**Your goal**
The line with "2 Boxes American" through the last line of the entries: give these again exactly, and only these, without any pictures.
(The data Opens)
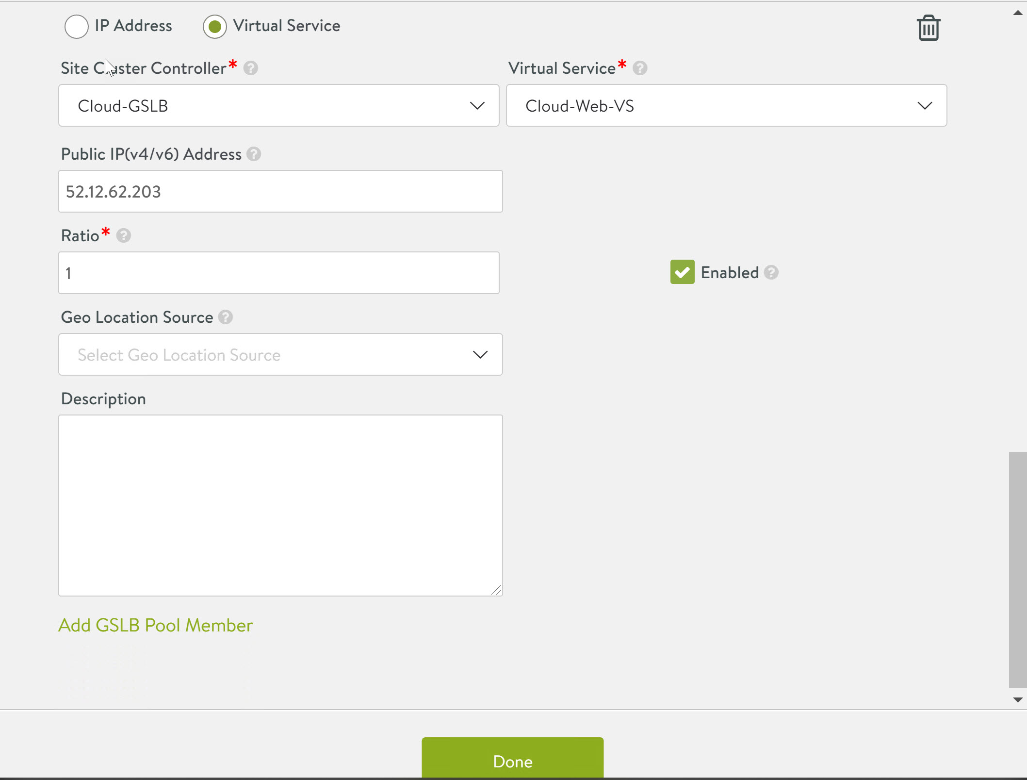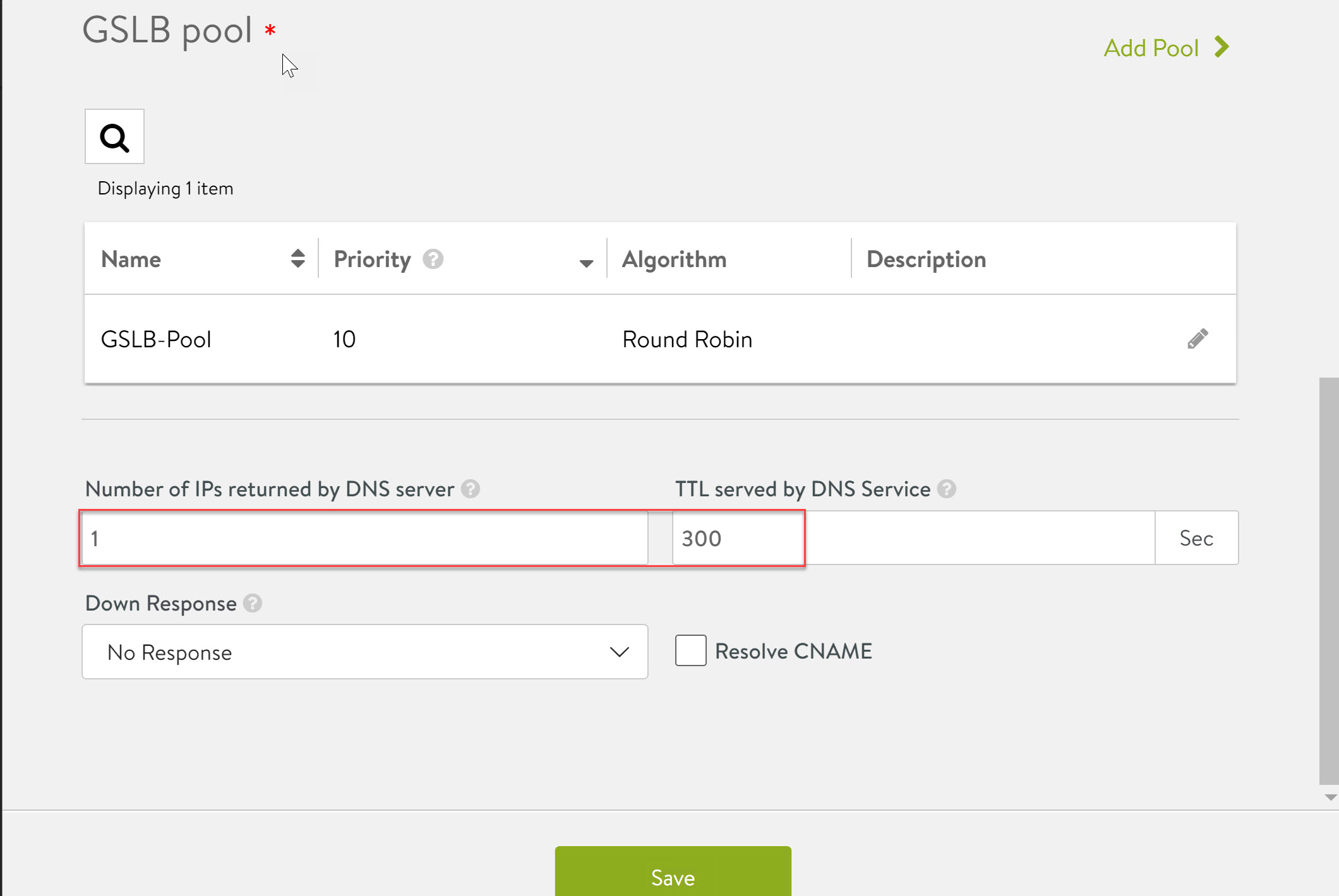 Under GSLB Pool, Click on the Add Pool option and enter the following parameters:
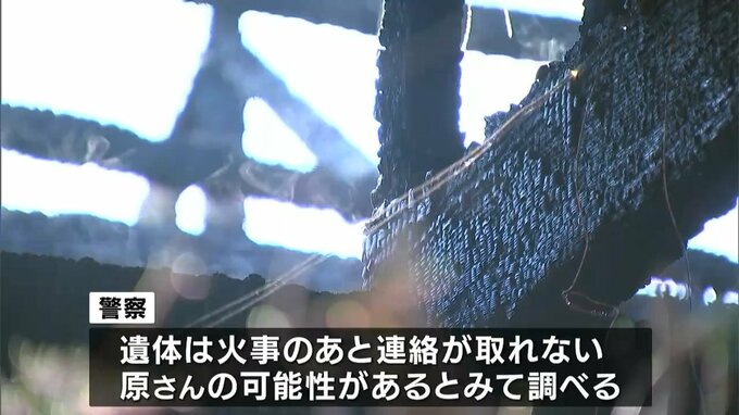 この住宅には原さんが1人で住んでいて、火事のあと連絡が取れなくなっていることから、遺体は原さんの可能性があるとみて警察が身元の確認を急いでいます。
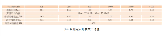 根據混響時間測量規范,在觀眾廳內共布置17個測點,對主劇場進行空場竣工檢測,各參數檢測結果見表4。
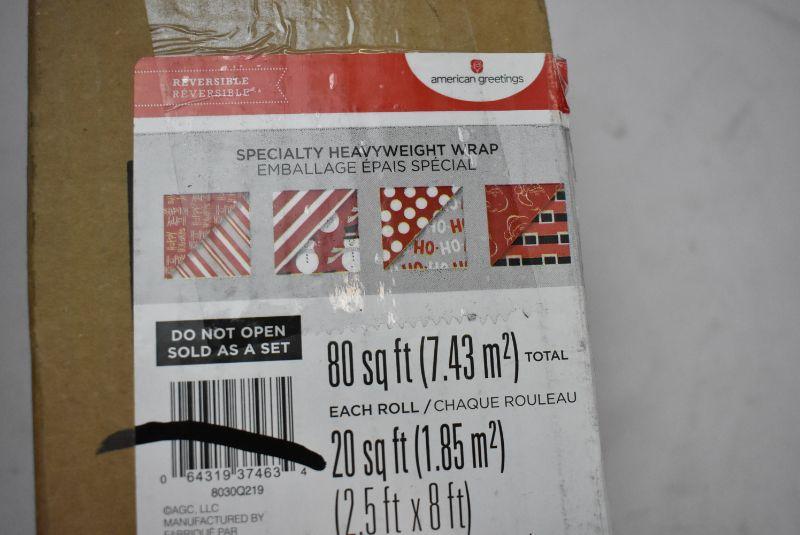 2 Boxes American Greetings Christmas Foil Reversible Coordinating Wrapping Paper, Red/B&W/Silver/Black, 4 rolls in each box = 8 rolls total - New
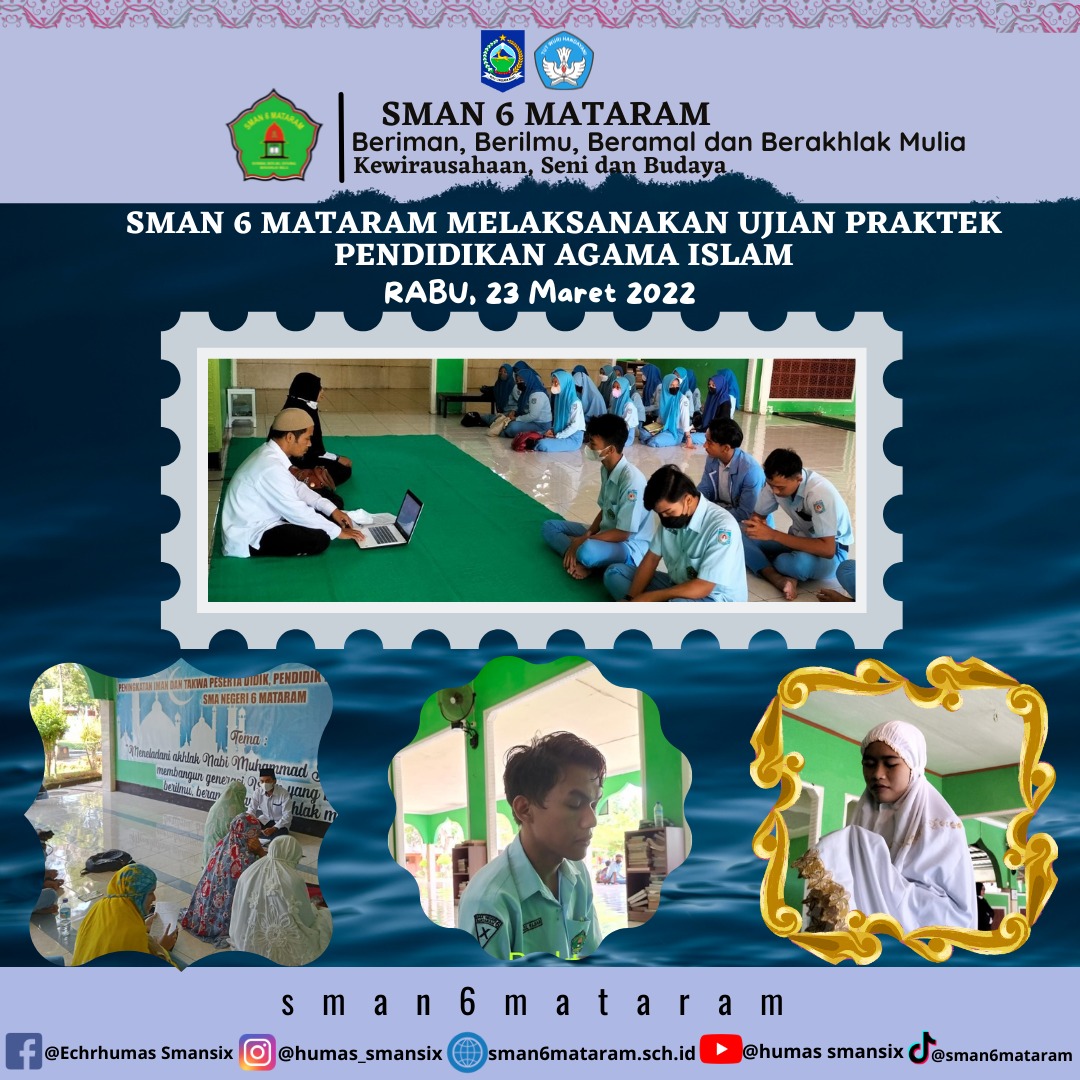 Pada hari Rabu, 23 Maret 2022- Kelas XII SMAN 6 Mataram melaksanakan ujian praktek Agama Islam. Siswa akan memperagakan tentang sholat jenazah, mengaji dan membaca Alquran. Ujian praktek merupakan sal
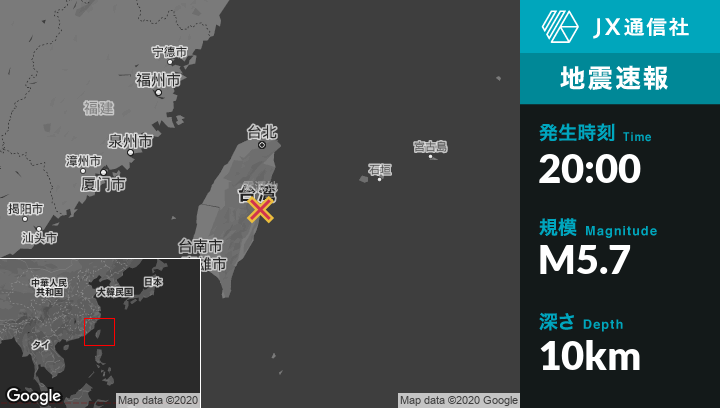 2月15日 20:00頃、台湾のHualianから南南西16kmの地点でM5.7の地震がありました。
(The data Closes)
**Solution to the problem**
 2 Boxes American Greetings Christmas Foil Reversible Coordinating Wrapping Paper, Red/B&W/Silver/Black, 4 rolls in each box = 8 rolls total - New
 Pada hari Rabu, 23 Maret 2022- Kelas XII SMAN 6 Mataram melaksanakan ujian praktek Agama Islam. Siswa akan memperagakan tentang sholat jenazah, mengaji dan membaca Alquran. Ujian praktek merupakan sal
 2月15日 20:00頃、台湾のHualianから南南西16kmの地点でM5.7の地震がありました。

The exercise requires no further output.